Knowing how to best prevent a breach not only will help the company, but also the company’s customers and vendors. The most important step a company can take in order to effectively defend itself is to educate its employees about how to identify a breach, what activities can lead to a breach, and the steps to take to minimize the risk of a breach. Security protocols also should be enforced to ensure sensitive data is only being accessed by authorized employees at times when it is critical for their jobs.
Of course, education and training are just one part of the overall solution, and it is important that policies and procedures are actually implemented. To do so, a company should designate an employee who is responsible for coordinating and managing all cyber-related risk activities. Likewise, a company should create a breach team composed of outside legal counsel, forensic experts, its insurance company, and, possibly, a public relations firm (depending on the scale of the breach) so that an emergency response plan can be initiated at the first possible indication of a breach.

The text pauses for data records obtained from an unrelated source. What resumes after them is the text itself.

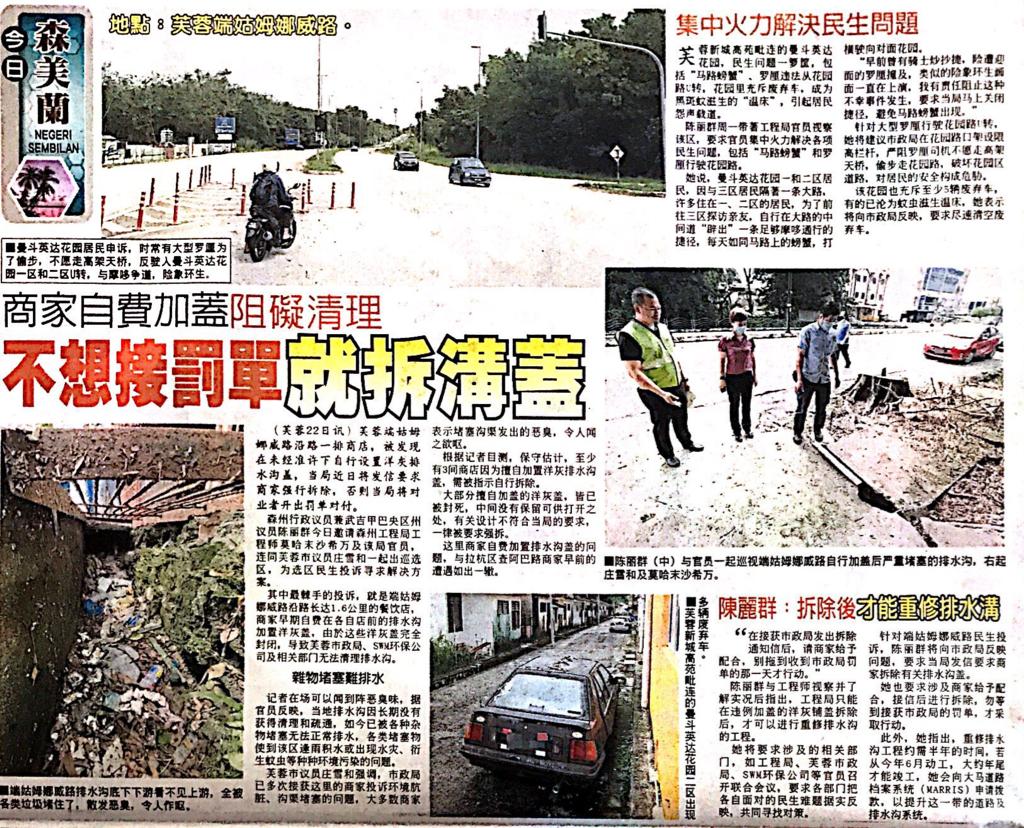Tajuk :Seremban:YB Puan Nicole Tan Lee Koon telah turun untuk meninjau keadaan di Jalan Tuanku Munawir dimana beliau mendapat aduan bahawa pihak JKR tidak dapat membuat kerja-kerja penyelenggaraan longkang yang dilaksanakan setiap bulan kerana longkang tersebut ditutup penuh konkrit sehingga menyebabkan kebanjiran di kawasan tersebut dari semasa ke semasa.
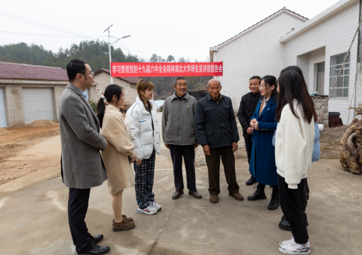 深入推进党史学习教育,必赢76net线路官网再出新招。12月15日,该校师生宣讲团在校党委副书记侯勇带领下,来到该校乡村振兴驻点的英山县石头咀镇大屋冲村,进村入户宣讲党的十九届六中全会精神,驻村工作队精心组织7个村近40名党员在家门口上了一堂生动党课。
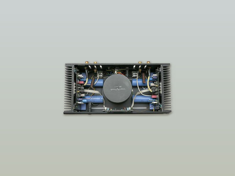 (作者:原始人 时间:2013-08-06 20:17:31)- 按照图片所见,这个功放是左右每声道供用一只电源牛,独立整流滤波,采用这种细长型电解,故障率就是高一些
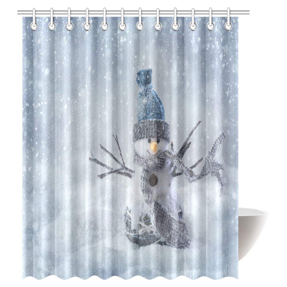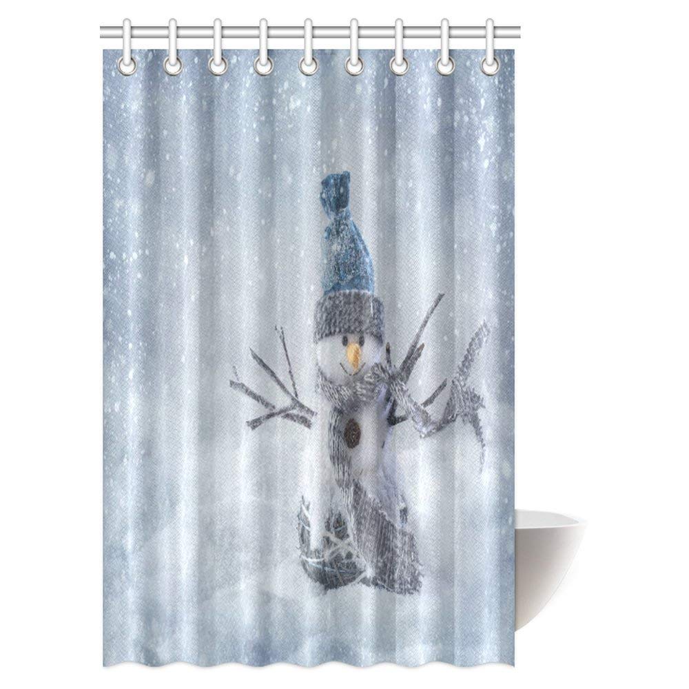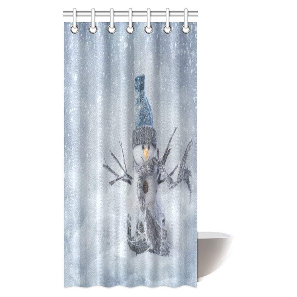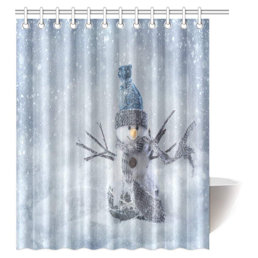 Christmas Shower Curtain Set, Smiling Snowman Standing in the Snow Fabric Bathroom Shower Curtain

While basic technology and configurations such as firewalls and antivirus software should be in place to help prevent breaches, a company also should encrypt its sensitive files, enable multifactor authentication, and continuously monitor both its own enterprise IP footprint and endpoints as well as its vendors’ (if possible) to look out for anomalous activity and event-driven compromises. Regular backups of sensitive information also should be made with the integrity of the data checked to make sure the files are accurate and complete and can be restored in a timely manner.
Now that the organization has followed the appropriate steps to decrease the possibility of a breach, it is in a better place to consider risk transfer. The executive team must decide which information security projects will yield the greatest return for dollars spent. The estimated cyber insurance premium for an organization also should factor as an opportunity cost when deciding the IT security budget. The last step is to obtain insurance that will provide for expert services to manage a breach.
The insurance policy must be negotiated to include all appropriate third-party and first-party coverage grants with the fullest limits, lowest retentions, and broadest terms and conditions possible, including full prior acts retroactive date, so as not to exclude any possible claims incidents. To achieve such a contract will require clear communication of the company’s cybersecurity risk posture through the broker to the insurance carrier, with a focus on application responses and potential underwriting meetings. But with the right investment in people, processes, and technology, the organization will be a strong candidate for cyber insurance. They also will be in a better situation to respond to a breach when it occurs.